Models available for recording tests are defined in config/test.exs:

config :sycophant, :test_models, [
  %{model: "openai:gpt-4o-mini", structured_output: true},
  %{model: "anthropic:claude-haiku-4-5-20251001", structured_output: true},
  %{model: "google:gemini-2.5-flash", structured_output: true},
  %{model: "amazon_bedrock:us.anthropic.claude-sonnet-4-5-20250929-v1:0", structured_output: true}
]

config :sycophant, :test_embedding_models, [
  %{model: "amazon_bedrock:cohere.embed-v4"}
]

Each entry can include capability flags (like structured_output: true) used to filter which models run specific tests.

Writing Recording Tests

Run the same test against every configured model:

defmodule Sycophant.Recording.MyFeatureTest do
  @models Sycophant.RecordingCase.test_models()
  use Sycophant.RecordingCase, async: true, parameterize: @models

  alias Sycophant.Message

  @tag recording_prefix: true
  test "generates text", %{model: model} do
    messages = [Message.user("Say 'hello' and nothing else.")]

    assert {:ok, response} =
             Sycophant.generate_text(model, messages, recording_opts([]))

    assert is_binary(response.text)
    assert String.length(response.text) > 0
  end
end

This creates one fixture per model:

  • priv/fixtures/recordings/openai/gpt-4o-mini/generates_text.json
  • priv/fixtures/recordings/anthropic/claude-haiku-4-5-20251001/generates_text.json
  • etc.

Capability Filtering

Only run a test against models that support a specific feature:

@models Sycophant.RecordingCase.test_models(require: :structured_output)
use Sycophant.RecordingCase, async: true, parameterize: @models

@tag recording_prefix: true
test "generates structured output", %{model: model} do
  schema = Zoi.object(%{name: Zoi.string()})
  messages = [Message.user("Extract: Alice")]

  assert {:ok, response} =
           Sycophant.generate_object(model, messages, schema, recording_opts([]))

  assert response.object.name == "Alice"
end

Explicit Recording Names

For tests that need custom fixture paths (e.g., Azure deployments):

@tag recording: "azure/gpt-5-mini/generates_text"
test "generates text with Azure" do
  messages = [Message.user("Say hello")]

  assert {:ok, response} =
           Sycophant.generate_text("azure:gpt-5-mini", messages,
             recording_opts(
               credentials: %{
                 api_key: System.get_env("AZURE_API_KEY"),
                 base_url: System.get_env("AZURE_BASE_URL"),
                 deployment_name: "gpt-5-mini"
               }
             )
           )

  assert is_binary(response.text)
end

Streaming Tests

Streaming works transparently.
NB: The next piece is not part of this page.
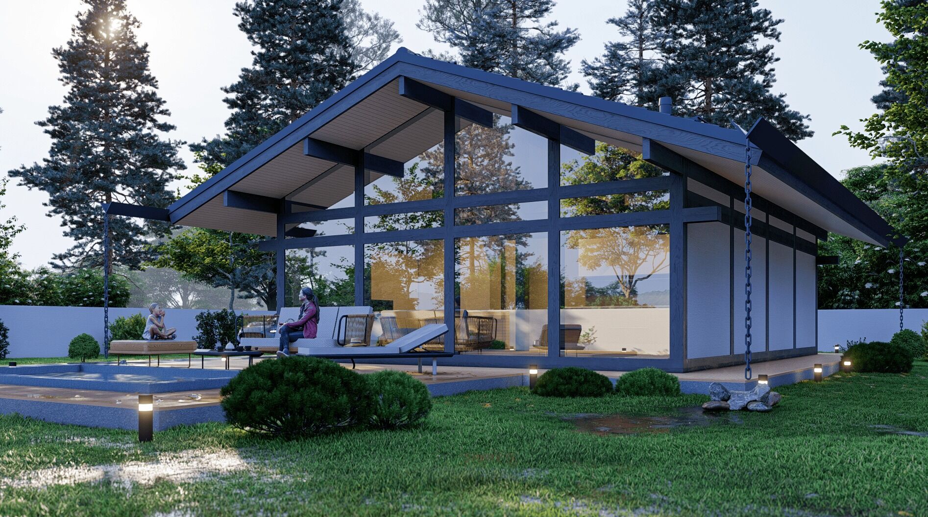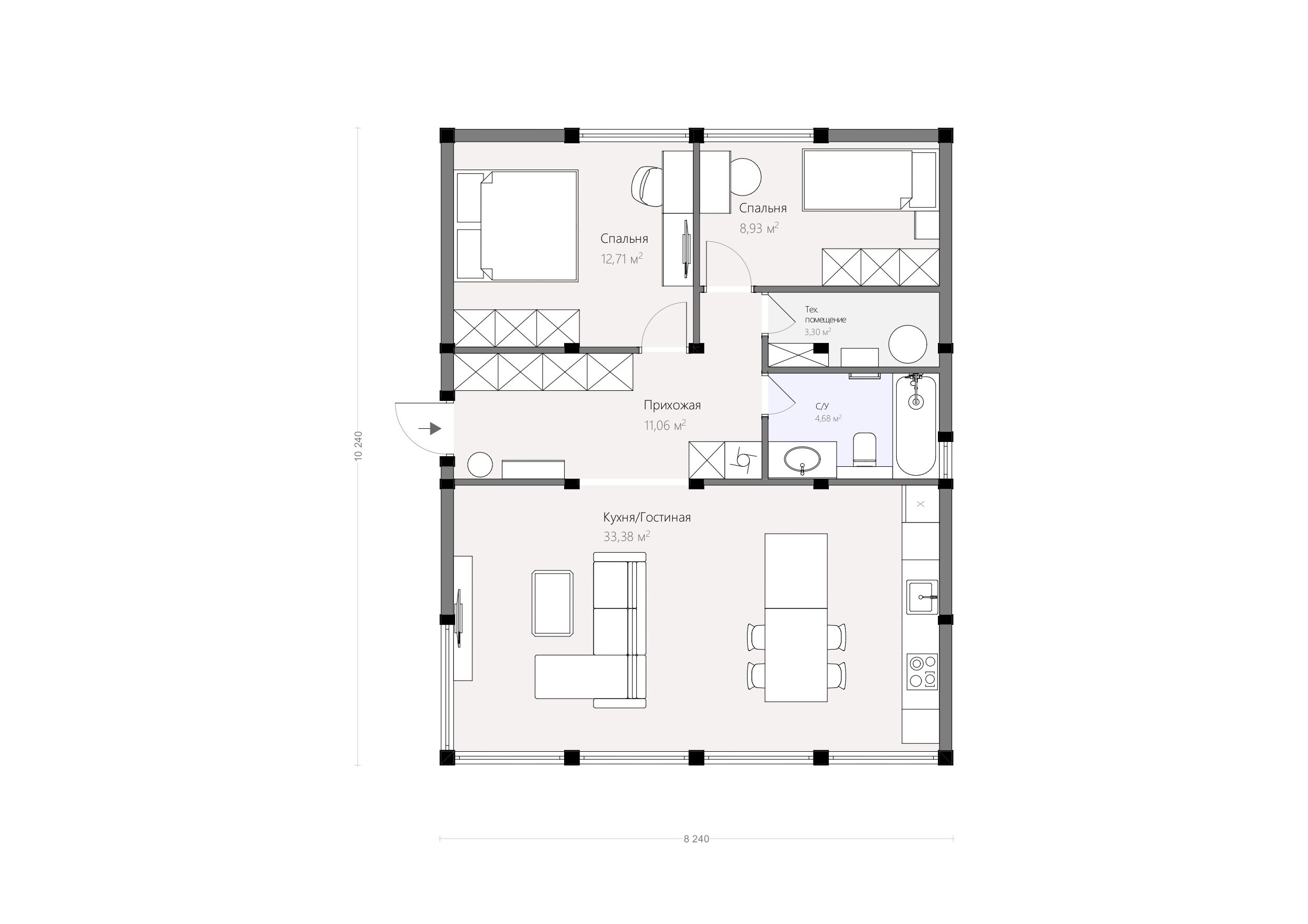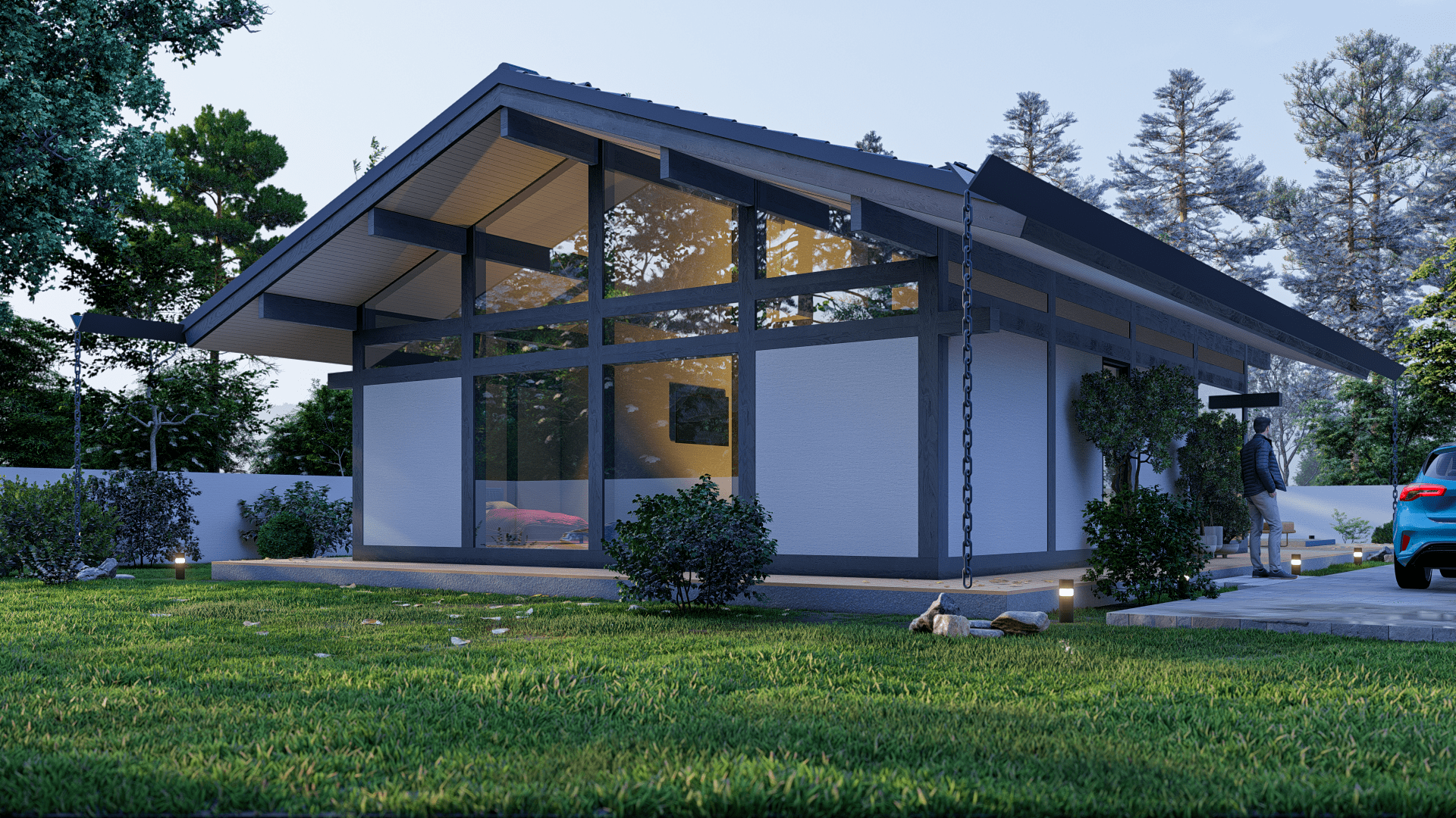 Этот одноэтажный дом с двумя спальнями и просторной кухней-гостинной представляет собой уютное и функциональное жилье для небольшой семьи. Открытая планировка создает пространство для семейных собраний и вечерних посиделок, обеспечивая комфорт и удобство повседневной жизни.
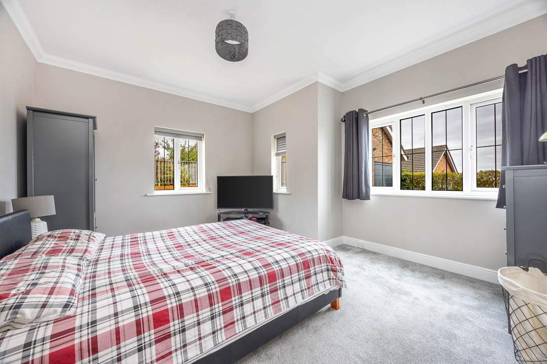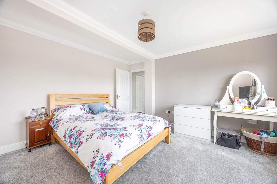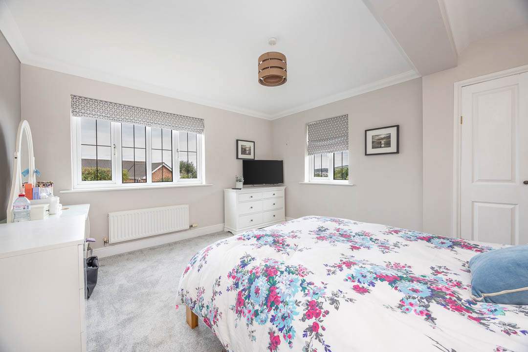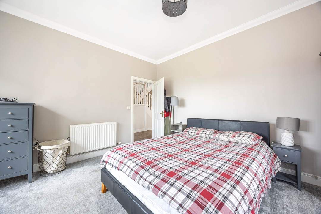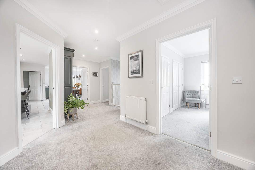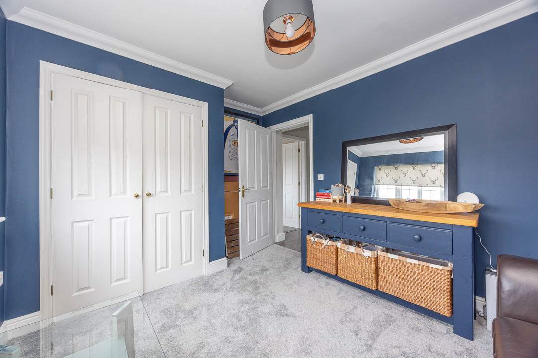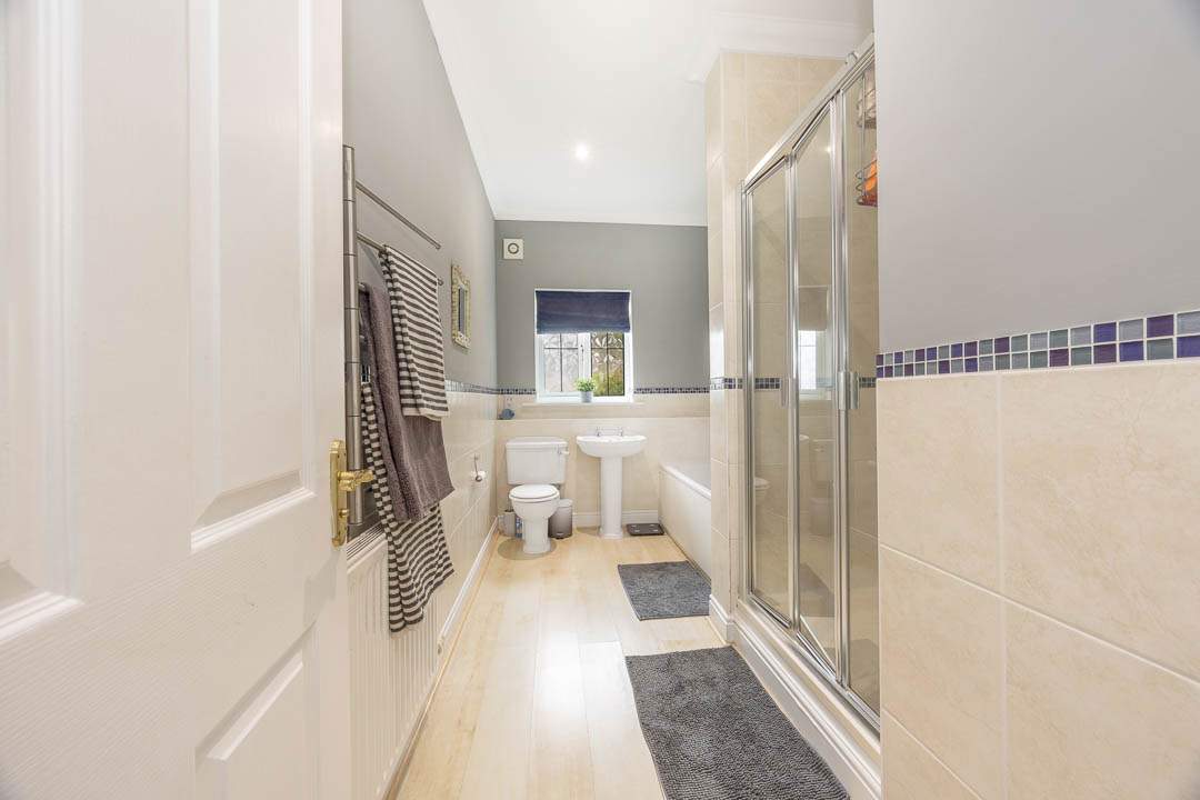 Entering the property via the newly fitted composite door which leads into the entrance porch with a door providing access to the u-shaped hallway with two built in storage cupboards. Off the hallway are Bedrooms 3, 4 & 5 all of which are good sized double bedrooms, Bedroom 4 & 5 both benefit from fitted wardrobes. Bedroom 3 is a lovely dual aspect room with plenty of natural light. In addition to the bedrooms, there is a potential 6th Bedroom, which is currently utilised as a gym, but would make a nice study/home office with French patio doors leading out to the south facing patio area. Lastly on the ground floor there is a family bathroom which has a panelled bath, walk in shower cubicle, wash hand basin and WC.

The middleware records the full SSE event stream and replays it:

@tag recording_prefix: true
test "streams text", %{model: model} do
  test_pid = self()

  callback = fn chunk ->
    send(test_pid, {:chunk, chunk})
  end

  messages = [Message.user("Say 'hello' and nothing else.")]

  assert {:ok, response} =
           Sycophant.generate_text(model, messages,
             recording_opts(stream: callback)
           )

  assert is_binary(response.text)
  assert_received {:chunk, %Sycophant.StreamChunk{type: :text_delta}}
end

Multi-request Tests

When a test makes multiple API calls, fixtures are automatically sequenced:

@tag recording_prefix: true
test "continues a multi-turn conversation", %{model: model} do
  alias Sycophant.Context

  messages = [Message.user("My name is Sycophant. Remember it.")]

  {:ok, resp1} = Sycophant.generate_text(model, messages, recording_opts([]))

  ctx = resp1.context |> Context.add(Message.user("What is my name?"))
  {:ok, resp2} = Sycophant.generate_text(model, ctx, recording_opts([]))

  history = Sycophant.Response.messages(resp2)
  assert length(history) == 4
end

This creates two fixtures:

  • continues_a_multi_turn_conversation.json (first request)
  • continues_a_multi_turn_conversation_2.json (second request)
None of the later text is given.